In the past three weeks we have been to Spain, I have travelled for work, twice, I have had three delegations in Brussels and I was at work dinners on Monday and Tuesday night. On Monday I had a migraine (I should have cancelled, why didn’t I cancel?) but I took two paracetemol and struggled on. Stupid. More particularly since I had the rather alarming experience of not being able to talk. I knew what I wanted to say (“pass the salt”) but couldn’t say it (“pash, the thank you”), it was a little alarming and it made me uncharacteristically silent and probably not the best dining companion for my colleagues.
On Wednesday, Mr. Waffle was travelling for work, so I picked up the boys and herself and brought them all home, fed them dinner which they refused to eat, tucked them into bed (the Princess holding out to 9.00 much to my chagrin), cleared up dinner, swept, put away toys and clothes put on the dishwasher, put on the washing machine, put on the dryer (I know, I’m pushing the climate change doomsday clock all by myself here) and at 10.30 sat down to have a nice cup of tea. Watched some dreadful television and went to bed at 11.30 to polish off the Sunday papers savouring the unusual pleasure of being able to read in bed (I am the owl in our relationship). Overdid the reading in bed and only turned out the lights at 12.20 and gave the boys their first bottle at 12.40. Then all was silent and the house slept.
At 5.30 yesterday morning, I heard the patter of little footsteps. The Princess was wandering round the house hysterically looking for her father. “He’s away” I said. “I want Daddy,” she said at the top of her voice. She was red in the face with tears streaming down her cheeks. Given the combative relationship she and her father usually enjoy in the morning, I can’t imagine why she felt he would welcome this were he, in fact, home but I suppose she was hysterical from lack of sleep. She would not go back to bed and the boys were now roaring for my attention. When I got into their bedroom, they were standing up in their cots chatting loudly to each other across the room (mostly they chat in animal noises – moo, ack ack, I know, baa, neigh). I tried to persuade them back to bed but it was a forlorn hope. There we were, all up to face the day at 5.45. The children, their evil demands granted, were in great form and played quite happily together. I wept bitter exhausted tears in the shower listening to their happy squeals from my bed next door which, as one, they had determined was the best place to burn off their excess early morning energy. I comforted myself with the recollection that the childminder would be coming at 8.00 and, at least, I didn’t have to get the boys dressed and heft them to the crèche. Well, I did until she rang at 6.30 to say that she was sick (for the first time ever) and wouldn’t be able to make it.

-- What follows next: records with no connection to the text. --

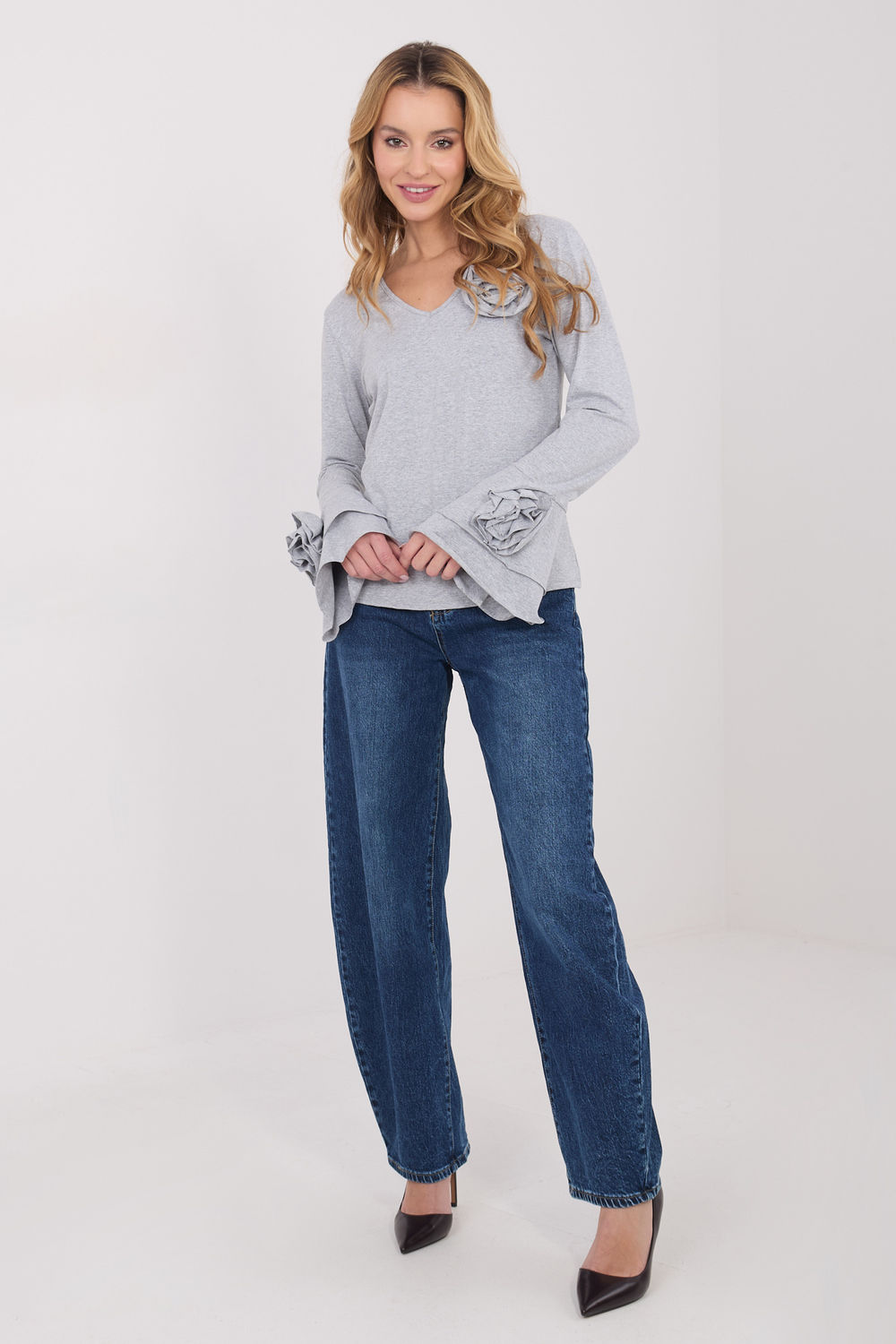 Chemisier élégant de type longsleeve à la coupe ajustée, qui souligne efficacement la silhouette et marie le classique avec des détails décoratifs. Fabriqué en coton de haute qualité, il assure un confort de port et un ajustement agréable toute la journée. Le modèle au motif lisse a un décolleté en V qui met subtilement en valeur le cou et ajoute un caractère féminin. Les manches longues évasées apportent légèreté et élégance, tandis que les fleurs décoratives en tissu placées sur les manches et le décolleté ajoutent une touche décorative unique. Sa longueur standard fait que le chemisier convient parfaitement aux tenues quotidiennes, au travail, aux réunions professionnelles, ainsi qu’aux sorties élégantes ou aux soirées.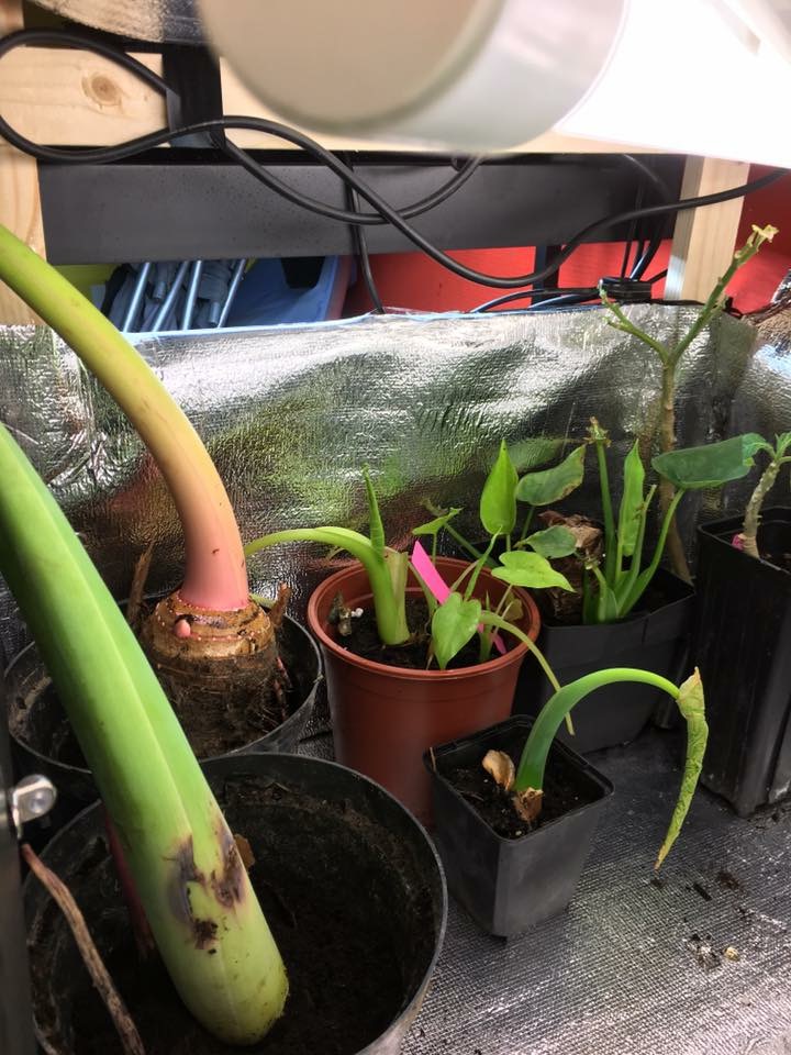 Hier staan er een aantal gewoon op de vensterbank bij 20 a 22 graden. Gaat prima. Ik heb hier binnen nu Colocasia fallax uit Nrepal en C. illustris uit Java. Verder Colocasia Diamond Head, een hele mooie. Diverse jonge plantjes ook.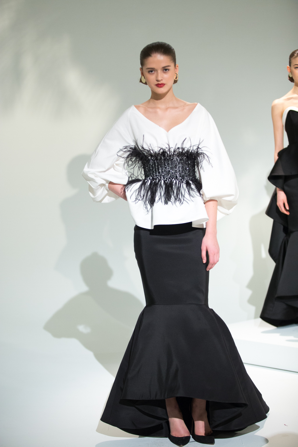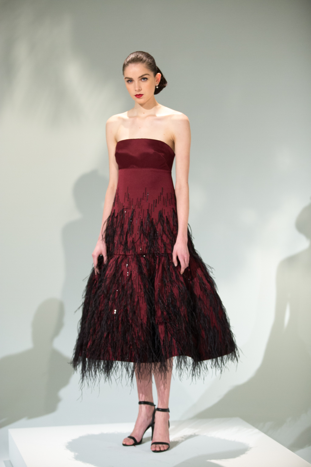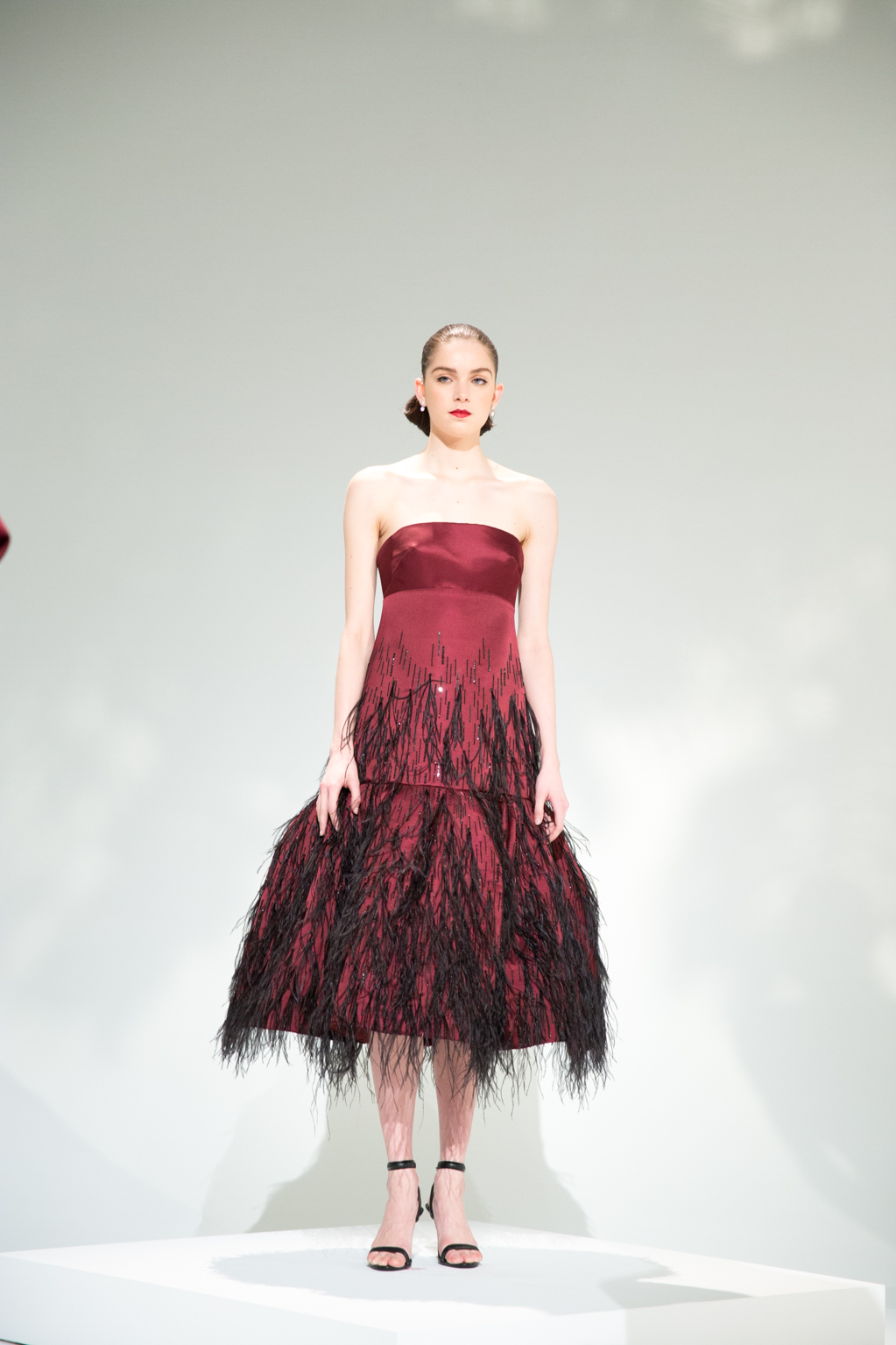 Dramatic silhouettes were the order of the day: huge ball gowns, oversized peplums, and show-stopping necklines appeared. The designer was on hand speaking to show-goers about her designs, and was overheard saying one of the skirts contained over 150 yards of tulle and took many hours to make. Feathers were delicately placed, often creating an ombré effect accented with touches of sparkle.

So, we all got dressed and prepared to leave. Just thought I would mention that when I drew the curtains in the Princess’s room they fell down, and when we came to the lift some idiot had left the door open downstairs so I had to walk down 2 flights of stairs with a boy on each hip – 22.5 kilos altogether, since you ask – and their various accessories clamped in my jaws; it was that kind of morning. As well as being the lark in our relationship, Mr. Waffle is also the ant to my extravagant, heedless grasshopper. This is why it is necessary for him to say to me, every Wednesday when I have a half day from work “will you buy some bread this afternoon?” Since he was away, I had not bought bread the previous day and the Princess needed sandwiches. I packed the boys into the buggy and we all went to the bakery on the way to school. It began to dawn on me that though we had been up since 5.30 in the morning we were still going to be late for school which must be something of a record. The Princess was so tired on the way that she bumped into a lamp post and a post box and I had to carry her (15kgs) weeping for much of the journey while pushing the double buggy with my other hand. I delivered her to the relative safety of the classroom, took the boys home and strapped them into the car to go to the crèche. Although we have a childminder three days a week we pay for the crèche five days a week as back up, just in case – alas, we have no relatives in Belgium. Possibly not alas for them. I allowed myself a moment’s smugness somewhat undercut by reflection on the Princess’s very just observation that someone would have to collect her from school, if the childminder was not there. I contemplated leaving her in the after school “garderie” but knew that she would be horrified so, dutifully, rang around babysitters until I found one available to collect her.
Finally got into the office at 9.45, bright eyed and bushy tailed and more than ready to do a full and productive day’s work. Ahem. Is it any wonder that I decided that I’d better take today off.